Following removal of the unloved steeply-ramped concrete Pedway in November the final phase involves the construction of a grand granite paved staircase of a suitably shallow gradient leading up to the Stadium concourse and the completion of the landscaping nearest the Stadium as a continuation of the areas already completed between 2017 and 2019 (generous lifts have already been installed immediately behind the new stairs).

 

The connection between Wembley Park Station and Wembley Stadium over the years (often referred to as ‘Wembley Way’) has had various interpretations. From its introduction as Olympic Way for the Games of 1948, it gave access to the Lutyens-esque stadium by John Simpson of 1923; following its demolition in 2002, Foster’s replacement stadium of 2008 proposed a direct ramped connection between station and stadium indifferent to development opportunities on either side; and then in 2003 Rogers’ plan to ground the stadium in its emerging urban context with the introduction of the Boulevard. In all these initiatives the Pedway as a ramped connection to the concourse (originally built to conduct the crowds over a coach park) has remained.

 

Quintain has redeveloped a large area of the surrounding Wembley Park as a new part of the city, with much further work either planned or on site.
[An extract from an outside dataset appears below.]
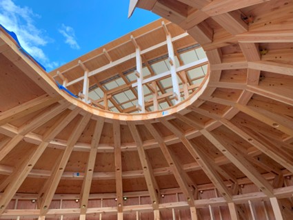 男子トイレの木造立面トラス架構はコストと施工性、加工精度を工夫して設計した部分で、接合部の複雑形状に加工したLVLを柱・梁に挿入してビス止めすることで複雑なトラス接合部を可能にし、半径3mほどの無柱空間を1日で施工することが出来た。

On 35 days of the year the site plays host to up to 90,000 visitors and for the rest of the year the emerging population has had to coexist with the dormant infrastructure. In particular the ramped approach of the Pedway formed a bulwark to Brent’s ambitions to unite the east and west halves of the borough.

 

The new staircase (in front of which events will also be staged), the top-lit open undercroft area and the processional route lined with ‘Avenue of Champions’ trees from all round the world unite to create a strong sense of space for residents and visitors alike. The staircase is paved with three types of granite, with the flank walls and sloping elements in polished concrete. Thirty six circular 2.2m diameter pavement flights provide daylight to the important ‘Club Wembley’ concourse below.

 

In order to coordinate the construction with the stadium’s busy events calendar the construction comprises a steel frame onto which were applied a large number of large precast units with the finishes and paving lights already cast on. This enabled the bulk of the stair to be erected in just three weeks following the demolition of the Pedway. The grand staircase is illuminated with tall lighting masts and lighting concealed within the handrailing. Its generosity in width forms an important part of the visitor experience whilst both arriving at and leaving the stadium. It allows the stadium to discreetly and flexibly manage the large crowd flows that attend the many memorable stadium events.